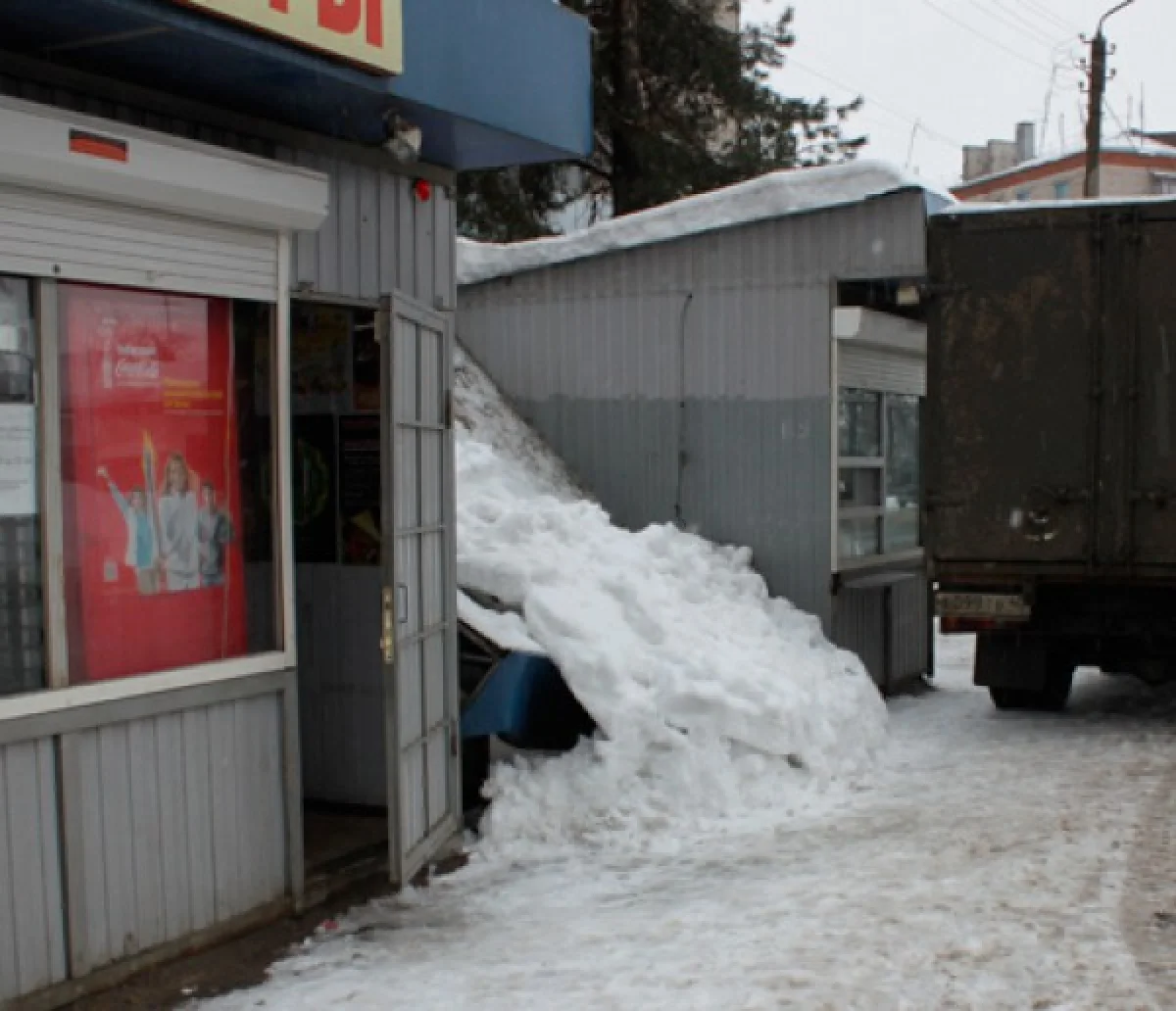 Металлическая конструкция, расположенная между двумя киосками, не выдержала массы снега и наледи. К счастью, в момент обрушения рядом не было никого из людей.
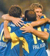 Bernal; Castro, M. Palacios, Beltrán, Pineda; Galindo, Verón, Augusto, Aílton; De Nigris, Marioni.
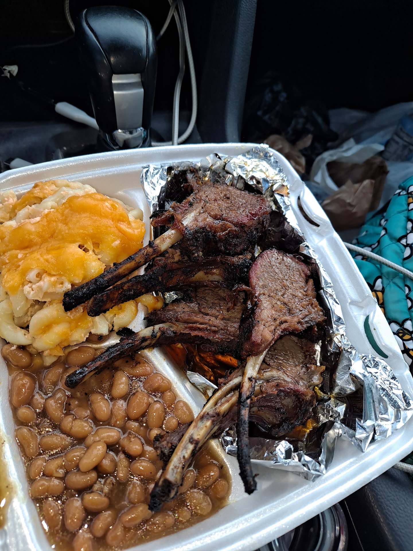 The extra six-minute drive was worth it. We arrived at a food truck with no seating, so we ate in the car. We ordered the sliders, pork chop, and baby back ribs. Every bite was a treat—the meats were incredibly tender, falling off the bone (especially the chops and ribs). The mac and cheese tasted homemade and was solid, and the baked beans were sweet and flavorful. The only thing that didn't hit the mark was the lemonade, which tasted like an overly sweet mix.
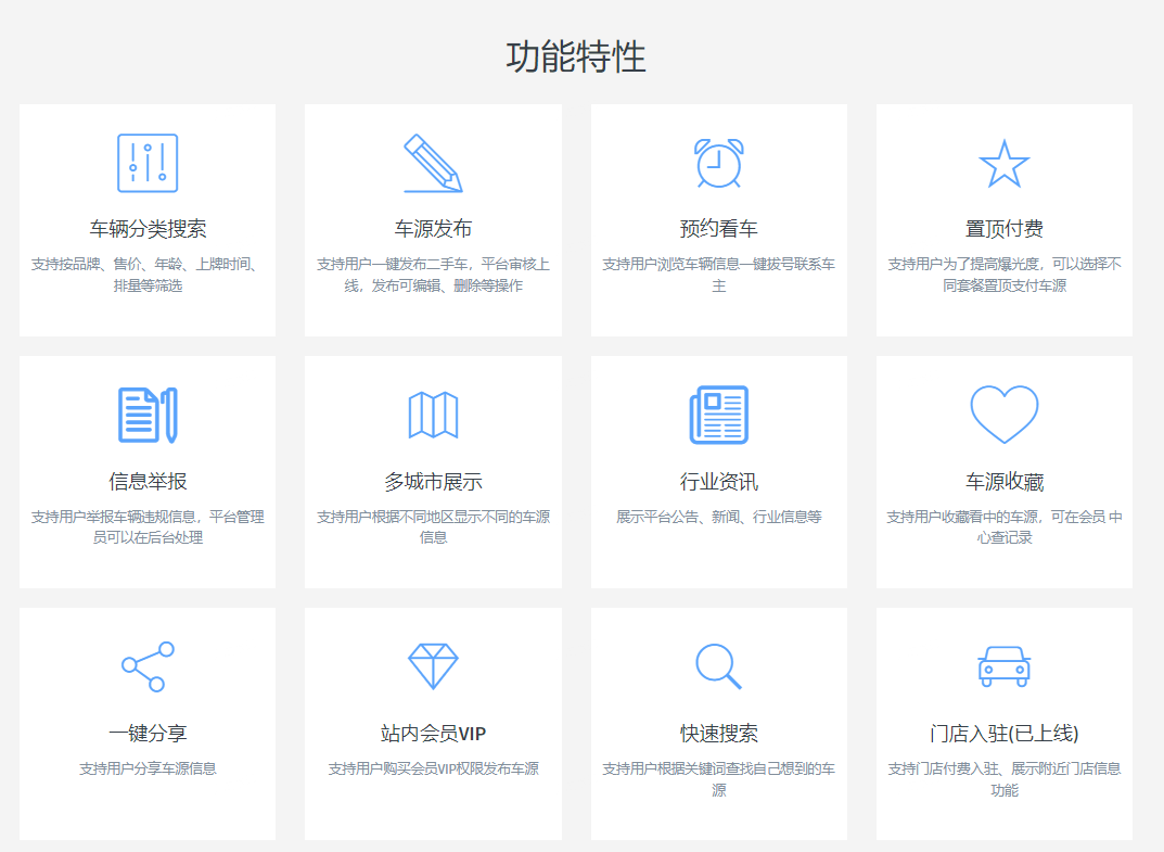 11. 车源收藏:支持用户收藏看中的车源,可在会员中心查看记录。
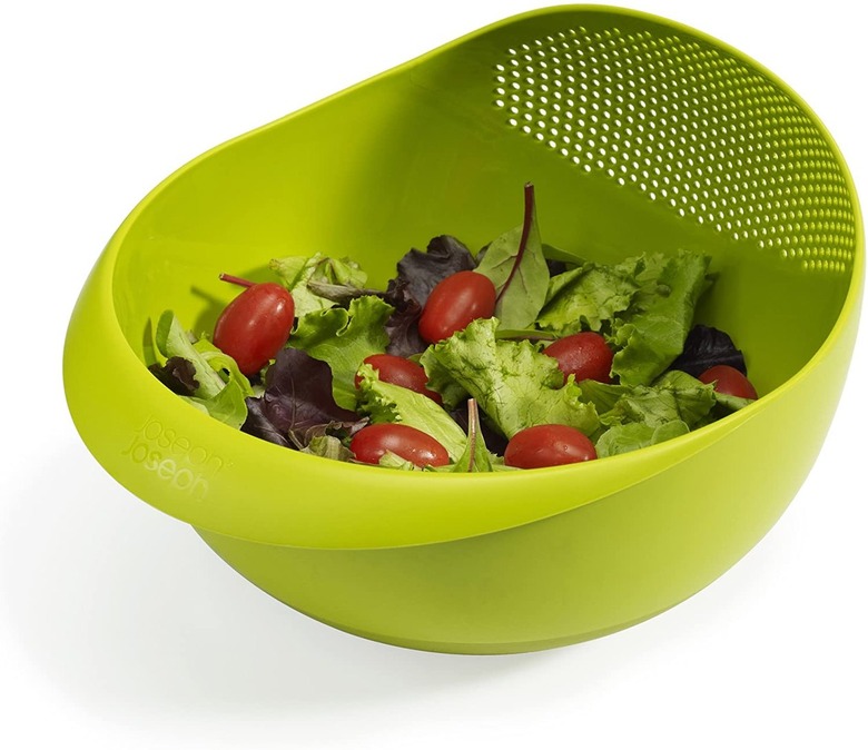 Nothing crowds up a cramped kitchen faster than bulky colanders and mixing bowls. Thankfully, this colorful bowl is designed with an integrated colander, so you can mix, rinse, drain, and serve salads and more in one simple and stylish fell swoop.
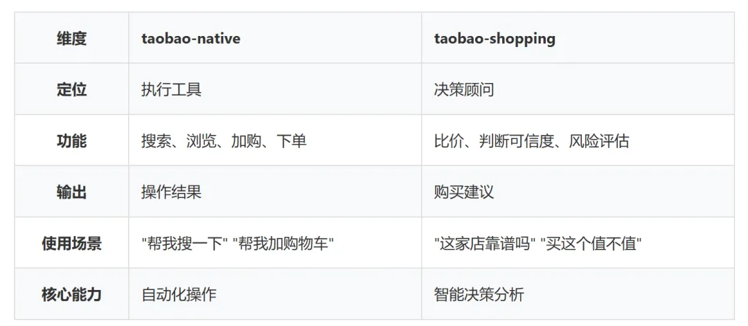 如果说taobao-native是"手",那taobao-shopping就是"脑"。一个负责执行,一个负责思考。
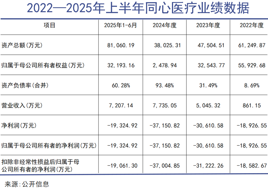 招股书显示,2022年至2025年上半年,同心医疗营业收入从861.15万元猛增至7207.14万元,但其归母净利润分别为-1.89亿元、-3.06亿元、-3.72亿元、-1.93亿元,三年半时间累计亏损超过10.6亿元,亏损规模逐年扩大。

**PROBLEM REQUIREMENTS**. Output the entries above verbatim, with no picture included.

**SOLVED PROBLEM**.
 Металлическая конструкция, расположенная между двумя киосками, не выдержала массы снега и наледи. К счастью, в момент обрушения рядом не было никого из людей.
 Bernal; Castro, M. Palacios, Beltrán, Pineda; Galindo, Verón, Augusto, Aílton; De Nigris, Marioni.
 The extra six-minute drive was worth it. We arrived at a food truck with no seating, so we ate in the car. We ordered the sliders, pork chop, and baby back ribs. Every bite was a treat—the meats were incredibly tender, falling off the bone (especially the chops and ribs). The mac and cheese tasted homemade and was solid, and the baked beans were sweet and flavorful. The only thing that didn't hit the mark was the lemonade, which tasted like an overly sweet mix.
 11. 车源收藏:支持用户收藏看中的车源,可在会员中心查看记录。
 Nothing crowds up a cramped kitchen faster than bulky colanders and mixing bowls. Thankfully, this colorful bowl is designed with an integrated colander, so you can mix, rinse, drain, and serve salads and more in one simple and stylish fell swoop.
 如果说taobao-native是"手",那taobao-shopping就是"脑"。一个负责执行,一个负责思考。
 招股书显示,2022年至2025年上半年,同心医疗营业收入从861.15万元猛增至7207.14万元,但其归母净利润分别为-1.89亿元、-3.06亿元、-3.72亿元、-1.93亿元,三年半时间累计亏损超过10.6亿元,亏损规模逐年扩大。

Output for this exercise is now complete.